** Data to use follows **

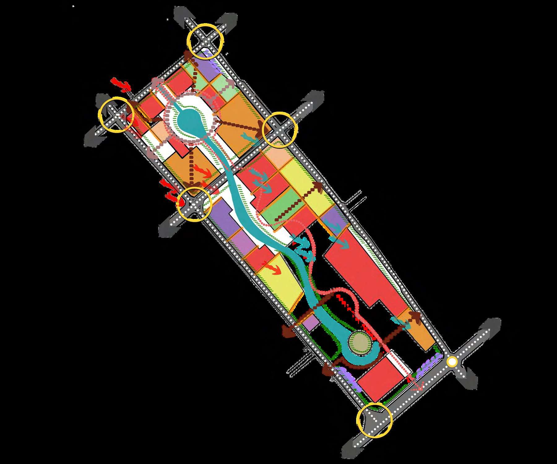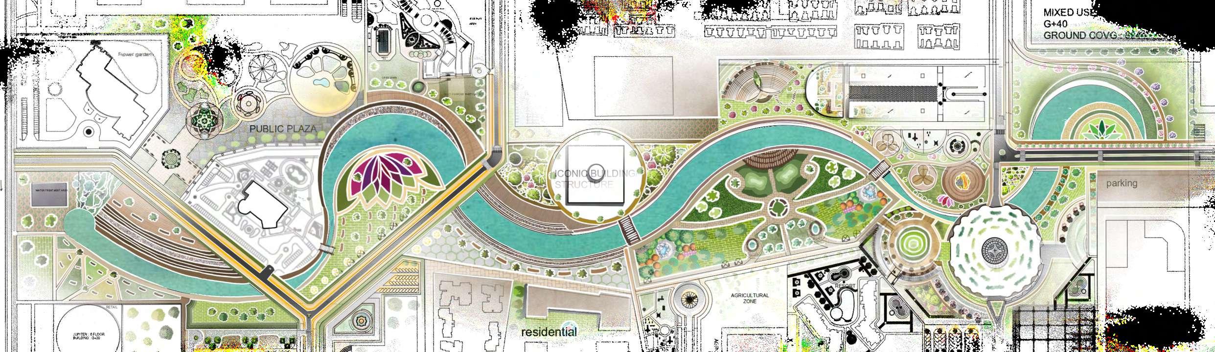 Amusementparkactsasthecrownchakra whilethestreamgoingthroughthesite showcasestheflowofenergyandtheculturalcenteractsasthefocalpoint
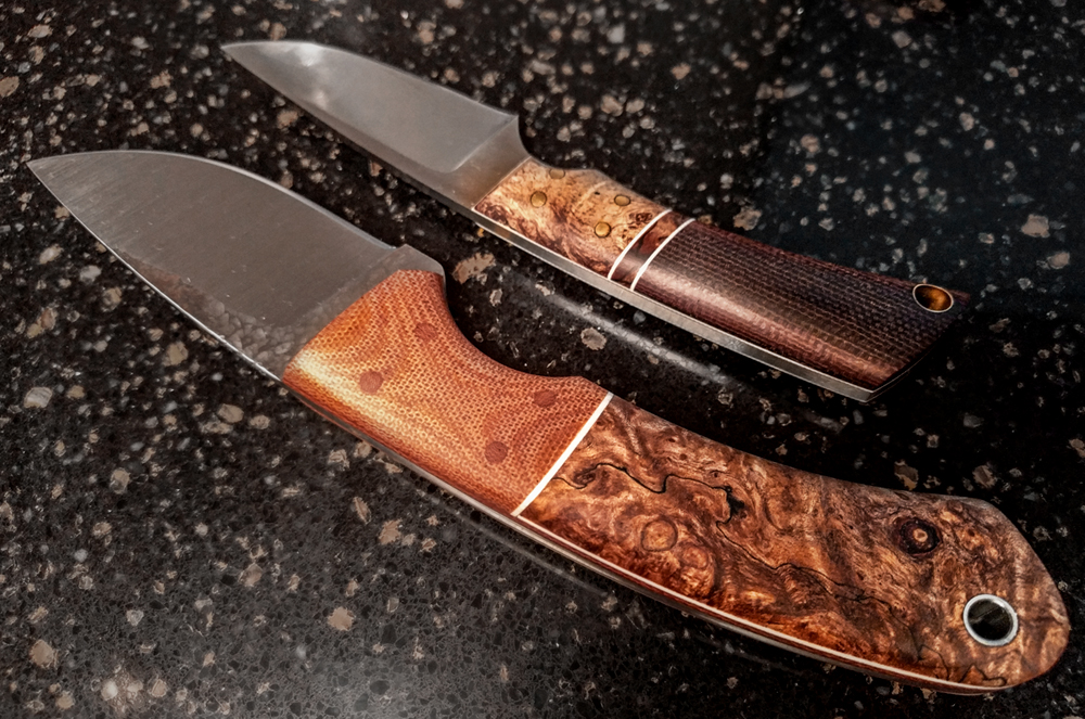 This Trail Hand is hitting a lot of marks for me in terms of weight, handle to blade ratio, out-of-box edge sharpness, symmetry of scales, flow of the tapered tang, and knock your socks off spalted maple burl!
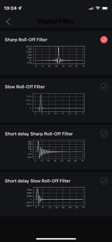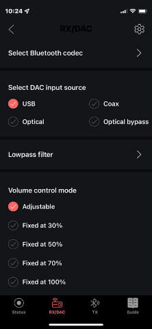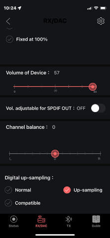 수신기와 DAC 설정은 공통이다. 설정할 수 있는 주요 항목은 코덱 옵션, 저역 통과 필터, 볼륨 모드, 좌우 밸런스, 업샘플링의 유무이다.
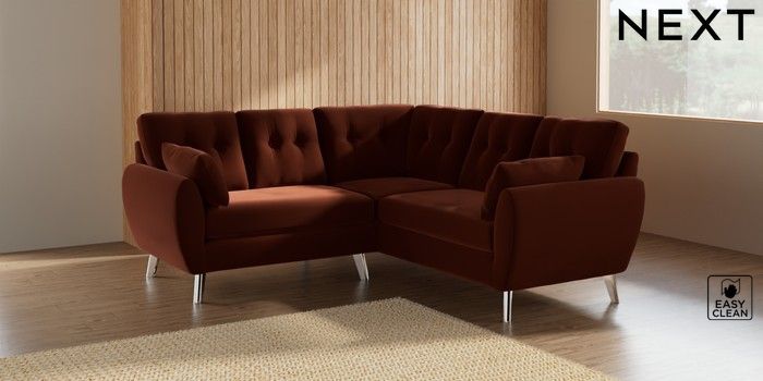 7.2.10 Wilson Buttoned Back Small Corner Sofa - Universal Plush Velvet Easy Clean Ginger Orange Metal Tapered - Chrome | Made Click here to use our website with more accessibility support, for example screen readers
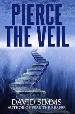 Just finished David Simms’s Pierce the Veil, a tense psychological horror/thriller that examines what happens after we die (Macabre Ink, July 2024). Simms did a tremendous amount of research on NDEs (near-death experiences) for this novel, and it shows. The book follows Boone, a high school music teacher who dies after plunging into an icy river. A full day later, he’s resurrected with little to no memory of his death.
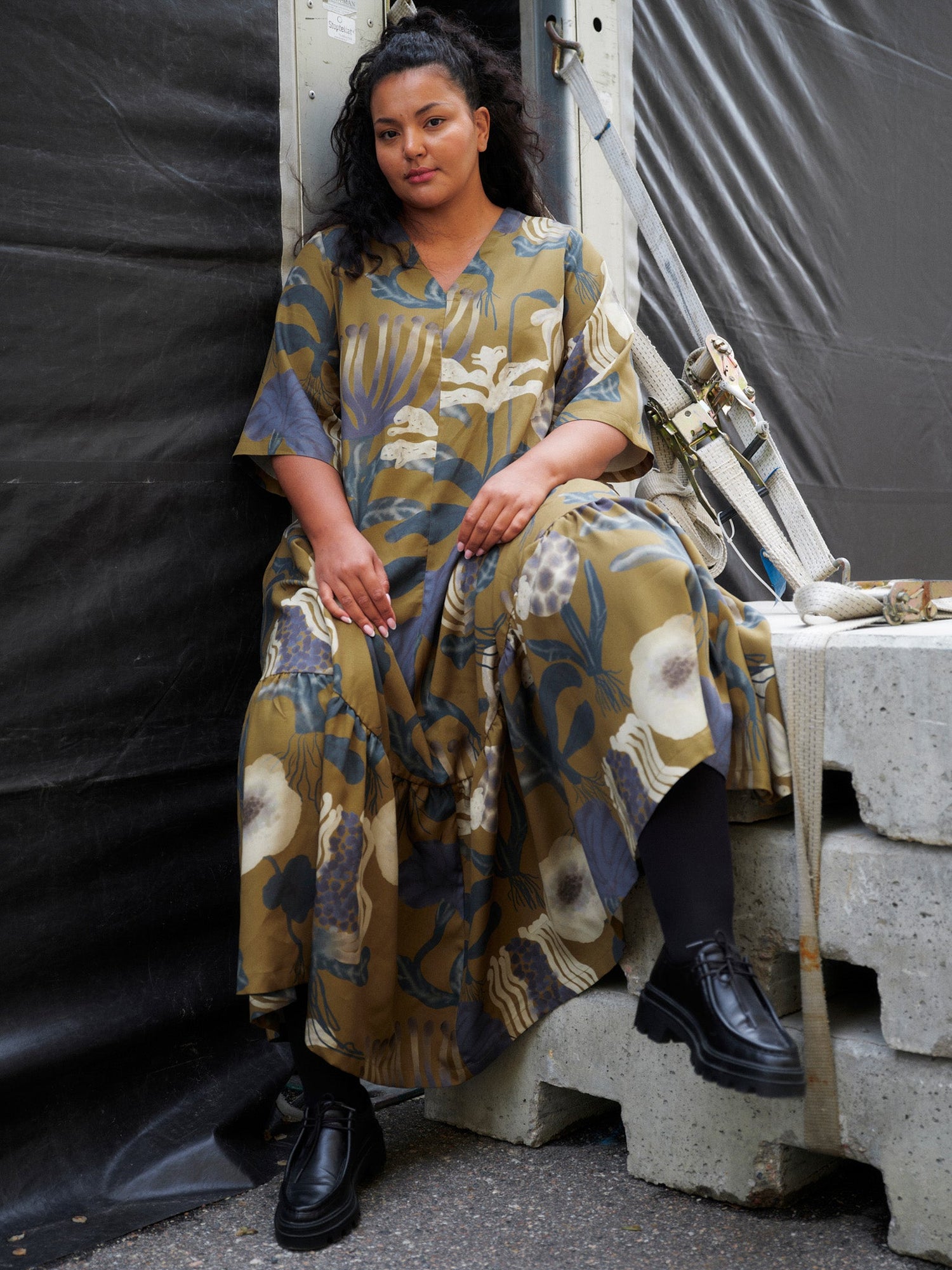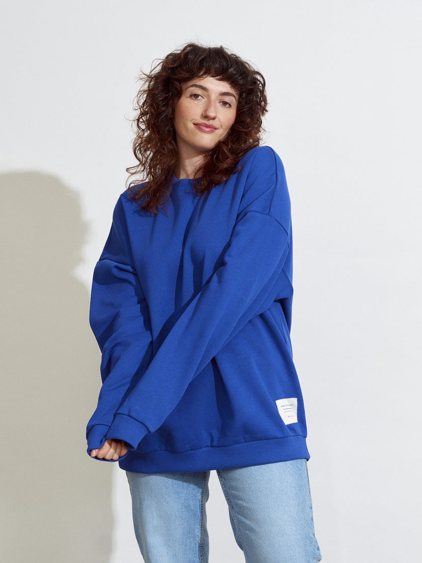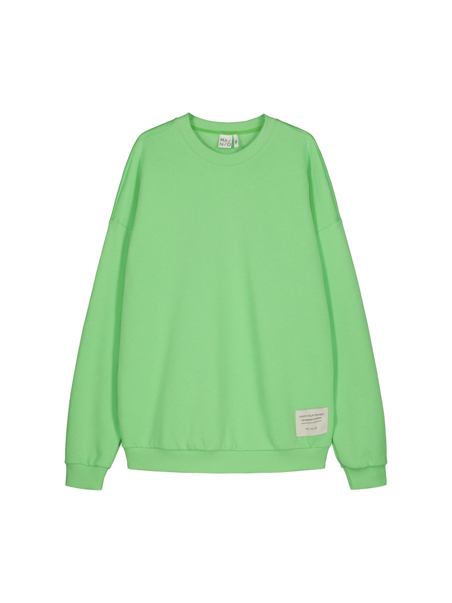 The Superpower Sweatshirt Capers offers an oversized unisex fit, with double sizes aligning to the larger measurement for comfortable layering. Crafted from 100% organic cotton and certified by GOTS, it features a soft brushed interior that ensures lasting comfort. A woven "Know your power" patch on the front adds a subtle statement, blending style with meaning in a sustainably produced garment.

** End of Data to use **

_What is needed_: Please restate the lines above exactly, starting at the first line of the data and stopping at the line containing "수신기와 DAC 설정은", which is included. Omit pictures.

_Output of the task_:
 Amusementparkactsasthecrownchakra whilethestreamgoingthroughthesite showcasestheflowofenergyandtheculturalcenteractsasthefocalpoint
 This Trail Hand is hitting a lot of marks for me in terms of weight, handle to blade ratio, out-of-box edge sharpness, symmetry of scales, flow of the tapered tang, and knock your socks off spalted maple burl!
 수신기와 DAC 설정은 공통이다. 설정할 수 있는 주요 항목은 코덱 옵션, 저역 통과 필터, 볼륨 모드, 좌우 밸런스, 업샘플링의 유무이다.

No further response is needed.